Er wird in Florenz „der Kinderflüsterer“ genannt, Pietro Gerber, Anfang dreißig, Kinderpsychologe und Experte für Hypnotherapie. Immer wieder wird er vom Jugendgericht zur Rate gezogen. Aktuell beschäftigt ihn der Fall des sechsjährigen Emilian, einem Adoptivkind aus Weißrussland, das in seiner frühen Kindheit wirklich Schreckliches erlebt hat. Doch dann erreicht ihn ein Anruf aus Australien und dieses Gespräch mit der Therapeutin Theresa Walker wird sein ganzes Leben völlig verändern.

Die Lesenden wissen, bevor die Handlung um Gerber beginnt, dass zwei möglicherweise sehr verwirrte Erwachsene mit ihrem Kind unterwegs sind und an ihrem Standort einen Brand auslösen, da angeblich Fremde sie überfallen wollen.

Durch diesen Anruf aus Adelaide begibt sich die dreißigjährige Australierin Hanna Hall, sie wurde angeblich von einem australischen Paar mit zehn Jahren adoptiert, in die Therapie bei Gerber. Sie leidet unter Selektiver Amnesie. Von Anfang an fühlt sich Gerber verunsichert, denn immer wieder scheint eher Hanna, die wenig Grenzen kennt, das Fragen zu übernehmen. In Gerbers Praxis gibt es einen verschlossenen Raum, den Hanna einfach öffnet. Hier hatte Gerbers Vater, den alle nur Herrn B. nennen, ebenfalls als Kinderpsychologe praktiziert. Als er vor drei Jahren verstorben ist, muss zwischen Vater und Sohn etwas geschehen sein, von dem Gerber nicht mal seiner Frau Silvia erzählen kann. Seltsam übergriffig verhält sich Hanna auch zu Gerbers dreijährigem Sohn Marco. Sie spricht über ihn und bringt ein Geschenk mit. Gerber glaubt, dass Hanna ihn ausspioniert hat. Wer beeinflusst wen, wer manipuliert wen? Ist Hanna schizophren? Sie glaubt, dass sie ihren Bruder Ado getötet hat.

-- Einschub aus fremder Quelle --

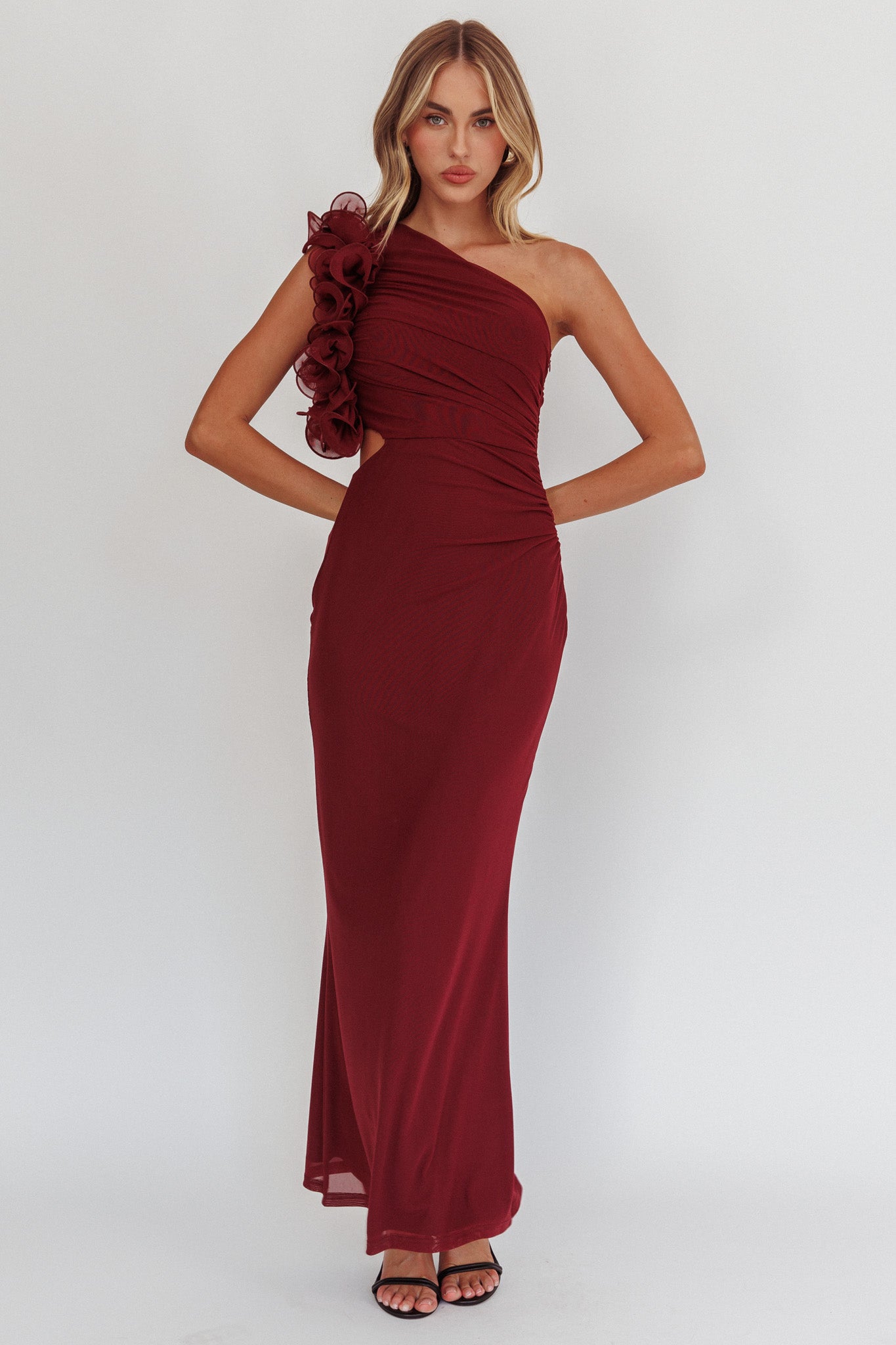 Make heads turn in our gorgeous Deanna maxi dress. It features a one-shoulder style with a pretty ruffle detail. Wear it to a wedding or special birthday dinner teamed with strappy, nude heels and a clutch for an unforgettable look.

In der Hypotherapie erzählt Hanna von ihrer Kindheit, die ihr in der Erinnerung wie ein Abenteuer vorkommt. Gerber versucht herauszufinden, warum Hannas Eltern ohne Kontakt zur Außenwelt existierten. Sie zogen einst von leerem Haus zu leerem Haus in der Toscana, stellten Regeln für das Kind auf und waren auf ihre verrückte Weise auch glücklich. Ohne zur Schule zu gehen, ohne Halt und ohne Namen existierten sie als Eremiten und trugen immer eine Kiste mit sich, in der offenbar ein totes Kind lag. Gerber versucht den unsichtbaren Panzer zwischen seiner Patientin aufrechtzuerhalten, und gleichzeitig doch Empathie zu empfinden. Dass Hanna ihm die nikotinsüchtige, leicht verlebte junge Frau nur vorspielt, wird sich im Laufe der Handlung herausstellen. Weiterhin gibt es zwar eine Therapeutin namens Walker in Adelaide, aber mit ihr hat Gerber nie telefoniert. Und dann wird auch noch aufgedeckt, dass Hanna Hall nie adoptiert wurde, sondern zu ihren wahren Eltern nach Australien im Alter von zehn Jahren zurückgekehrt ist. Was ist wahr, was ist nur falsche Erinnerung, was glaubt man, scheint wirklich geschehen zu sein? Was will Hanna Hall von Pietro Gerber, was verbindet beide?

Die Geschichte, die sich dann aus all den Erzählungen und Erinnerungen herausschält, ist so unglaublich, dass sie einfach gelesen werden muss.

Zum einen geht es um den Umgang mit Patienten in psychiatrischen Kliniken, um Kindesentführungen und vor allem um die Frage, wer dieser Ado eigentlich ist. In einem Verwirrspiel aus ungeheuren Erzählungen unter Hypnose, die ein Kind an den Rand des Wahnsinns hätten bringen können, den gegenwärtigen Ereignissen und Pietro Gerbers Beziehung zu seinem Vater fesselt diese gut konstruierte Geschichte den Lesenden an das Buch bis zur letzten Seite.

Ungeheure Sogwirkung einer Geschichte über Kinder, die Grenzerfahrungen seelisch nie unbeschadet verkraften.